I would also like to give an example of this two-step analysis method. In the first step, we can use the group_by() and summarise() functions in ‘dplyr’:
# First step: calcolate the means of replicates within environments
WinterWheatM <- WinterWheat |>
group_by(Genotype, Year) |>
summarise(Yield = mean(Yield))
## `summarise()` has grouped output by 'Genotype'. You can override using the
## `.groups` argument.
r
head(WinterWheatM)
## # A tibble: 6 × 3
## # Groups: Genotype [1]
## Genotype Year Yield
## <fct> <fct> <dbl>
## 1 COLOSSEO 1996 6.35
## 2 COLOSSEO 1997 6.46
## 3 COLOSSEO 1998 6.70
## 4 COLOSSEO 1999 6.98
## 5 COLOSSEO 2000 6.44
## 6 COLOSSEO 2001 7.07
Once we have retrieved the means for genotypes in all years, we can fit a simplified model:
\[y_{ij} = \mu + g_i + a_{ij}\]
where \(y_{ij}\) is the mean yield for the \(i\)-th genotype in the \(j\)-th environment and \(a_{ij}\) is the residual term, which includes the genotype x environment random interaction, the block x environment random interaction and the residual error term.
In this model we have only one random effect (\(a_{ij}\)) and, therefore, this is a fixed linear model. However, we need to model the variance-covariance matrix of residuals (\(R\)), by adopting a totally unstructured form. Please, note that, when working with raw data, we have modelled \(\Omega\), i.e. the variance-covariance matrix for the random effects. I have used the ‘gls()’ function, together with the ‘weights’ and ‘correlation’ arguments. See the code below.
#Second step
envVarModM <- gls(Yield ~ Genotype,
data = WinterWheatM,
weights = varIdent(form=~1|Genotype),
correlation = corSymm(form=~1|Year))
summary(envVarModM)
## Generalized least squares fit by REML
## Model: Yield ~ Genotype
## Data: WinterWheatM
## AIC BIC logLik
## 84.36176 112.3857 -22.18088
##
## Correlation Structure: General
## Formula: ~1 | Year
## Parameter estimate(s):
## Correlation:
## 1 2 3 4
## 2 0.947
## 3 0.809 0.815
## 4 0.816 0.736 0.921
## 5 0.817 0.866 0.952 0.869
## Variance function:
## Structure: Different standard deviations per stratum
## Formula: ~1 | Genotype
## Parameter estimates:
## COLOSSEO CRESO DUILIO GRAZIA IRIDE
## 1.000000 1.189654 2.143715 1.528849 1.560622
##
## Coefficients:
## Value Std.Error t-value p-value
## (Intercept) 6.413333 0.2742310 23.386613 0.0000
## GenotypeCRESO -0.439524 0.1107465 -3.968739 0.0004
## GenotypeDUILIO 0.178571 0.3999795 0.446451 0.6585
## GenotypeGRAZIA -0.330952 0.2518269 -1.314206 0.1987
## GenotypeIRIDE 0.281905 0.2580727 1.092346 0.2834
##
## Correlation:
## (Intr) GCRESO GDUILI GGRAZI
## GenotypeCRESO 0.312
## GenotypeDUILIO 0.503 0.371
## GenotypeGRAZIA 0.269 -0.095 0.774
## GenotypeIRIDE 0.292 0.545 0.857 0.638
##
## Standardized residuals:
## Min Q1 Med Q3 Max
## -2.0949714 -0.5742607 0.1661351 0.8068883 1.3395017
##
## Residual standard error: 0.7255469
## Degrees of freedom: 35 total; 30 residual
The variance-covariance matrix for residuals can be obtained using the usual getVarCov() function in the ‘nlme’ package.

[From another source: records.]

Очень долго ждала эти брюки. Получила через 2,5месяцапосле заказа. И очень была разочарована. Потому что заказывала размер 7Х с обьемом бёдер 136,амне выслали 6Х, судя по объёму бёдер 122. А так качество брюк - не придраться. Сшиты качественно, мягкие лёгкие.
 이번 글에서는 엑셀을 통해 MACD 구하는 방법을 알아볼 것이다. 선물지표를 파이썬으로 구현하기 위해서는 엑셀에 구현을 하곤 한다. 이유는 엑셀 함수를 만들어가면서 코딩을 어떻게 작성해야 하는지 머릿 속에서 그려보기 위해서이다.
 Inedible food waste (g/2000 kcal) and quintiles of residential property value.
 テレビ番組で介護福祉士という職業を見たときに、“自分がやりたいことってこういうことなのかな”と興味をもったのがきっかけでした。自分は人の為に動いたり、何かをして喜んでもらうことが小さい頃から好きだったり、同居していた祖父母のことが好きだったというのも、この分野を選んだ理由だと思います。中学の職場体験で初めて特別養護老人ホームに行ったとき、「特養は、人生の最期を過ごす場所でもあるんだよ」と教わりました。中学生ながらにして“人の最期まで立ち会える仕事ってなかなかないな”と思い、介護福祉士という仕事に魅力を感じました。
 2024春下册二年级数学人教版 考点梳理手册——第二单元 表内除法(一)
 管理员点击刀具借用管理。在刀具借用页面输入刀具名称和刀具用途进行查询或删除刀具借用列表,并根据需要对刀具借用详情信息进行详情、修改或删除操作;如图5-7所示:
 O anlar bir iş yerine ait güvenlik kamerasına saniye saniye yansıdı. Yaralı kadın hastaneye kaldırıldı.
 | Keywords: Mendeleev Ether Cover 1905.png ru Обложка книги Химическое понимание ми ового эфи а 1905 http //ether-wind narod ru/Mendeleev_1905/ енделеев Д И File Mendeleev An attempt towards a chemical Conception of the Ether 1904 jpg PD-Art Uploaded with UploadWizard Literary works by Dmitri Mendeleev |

R <- getVarCov(envVarModM)
R
## Marginal variance covariance matrix
## [,1] [,2] [,3] [,4] [,5]
## [1,] 0.52642 0.59280 0.91285 0.65647 0.67116
## [2,] 0.59280 0.74503 1.09440 0.70421 0.84652
## [3,] 0.91285 1.09440 2.41920 1.58850 1.67700
## [4,] 0.65647 0.70421 1.58850 1.23040 1.09160
## [5,] 0.67116 0.84652 1.67700 1.09160 1.28210
## Standard Deviations: 0.72555 0.86315 1.5554 1.1093 1.1323
As the design is perfectly balanced, the diagonal elements of the above matrix correspond to the variances of genotypes across environments:
tapply(WinterWheatM$Yield, WinterWheatM$Genotype, var)

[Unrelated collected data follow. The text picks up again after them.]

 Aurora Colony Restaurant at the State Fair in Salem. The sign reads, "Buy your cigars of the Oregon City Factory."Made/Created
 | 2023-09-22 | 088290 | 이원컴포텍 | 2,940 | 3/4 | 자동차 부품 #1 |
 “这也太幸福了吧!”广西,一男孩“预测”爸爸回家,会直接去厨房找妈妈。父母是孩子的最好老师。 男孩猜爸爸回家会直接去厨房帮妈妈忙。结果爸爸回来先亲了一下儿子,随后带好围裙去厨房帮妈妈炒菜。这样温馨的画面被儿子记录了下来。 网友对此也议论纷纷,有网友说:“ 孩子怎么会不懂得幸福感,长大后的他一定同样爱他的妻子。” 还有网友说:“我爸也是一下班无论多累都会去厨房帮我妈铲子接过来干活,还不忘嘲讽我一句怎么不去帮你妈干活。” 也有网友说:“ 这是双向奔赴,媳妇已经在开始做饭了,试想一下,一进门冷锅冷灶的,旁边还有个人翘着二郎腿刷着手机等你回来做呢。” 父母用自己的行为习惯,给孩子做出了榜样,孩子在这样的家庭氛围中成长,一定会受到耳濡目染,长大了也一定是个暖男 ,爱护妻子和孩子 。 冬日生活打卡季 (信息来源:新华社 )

## COLOSSEO CRESO DUILIO GRAZIA IRIDE
## 0.5264185 0.7450275 2.4191624 1.2304397 1.2821143
Strictly speaking, the diagonal elements of the above matrix do not correspond to the environmental variances as calculated with one-step analyses, as they also contain the within-experiment and within block random variability, which would need to be separately estimated during the first step.

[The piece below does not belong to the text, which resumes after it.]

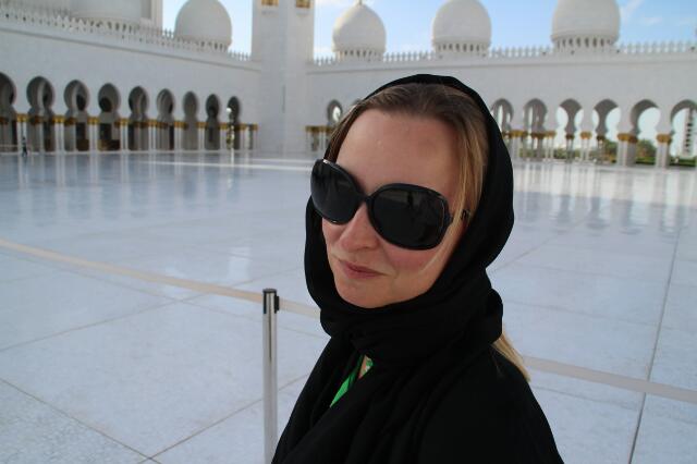 Das Highlight kommt wie immer zum Schluß: die große Moschee des Scheich Zayed. Vier Minarett-Türme schmücken den Platz. Wir erfahren von unserem Guide Mohammed (wie könnte er auch anders heißen ;-)), dass die Größe der Moschee die Anzahl der Minarette bestimmt. Die Moschee hat 82 Dome (Kuppeln) im Inneren und noch mal 28 Weitere im Außenbereich. Sie ist aus weißem, italienischem Mamor gefertigt. Bevor wir die Moschee betreten, muss Mel sich verhüllen. Schaut schon nett aus! Als wir unseren Guide nach der Verhüllung befragen teilt er uns mit, dass dies zum Schutz geschieht, denn der Mann möchte die Schönheit seines weiblichen Juwels vor neidischen Blicken schützen. Aber warum tragen Männer eigentlich ein weißes und Frauen ein schwarzes Gewand? Auch darauf weiß Mohammed eine Antwort: Früher war das Ernten und Sammeln von Perlen eine Haupteinnahmequelle. Hierfür mussten viele Männer oft wochenlang ihre Frauen und Kinder allein lassen. Ein paar wenige Männer hatten die Aufgabe inne, über die Frauen zu wachen. Sofern Gefahr drohte, konnten die Frauen mit ihren schwarzen Gewändern in der Dunkelheit leichter flüchten und die Männer mit ihren weißen Gewändern die Aufmerksamkeit auf sich ziehen.

Thanks for reading—and don’t forget to check out my new book below!
Andrea Onofri
Department of Agricultural, Food and Environmental Sciences
University of Perugia (Italy)
Send comments to: andrea.onofri@unipg.it
Andrea Onofri
Department of Agricultural, Food and Environmental Sciences
University of Perugia (Italy)
References
- Gałecki, A., Burzykowski, T., 2013. Linear mixed-effects models using R: a step-by-step approach. Springer, Berlin.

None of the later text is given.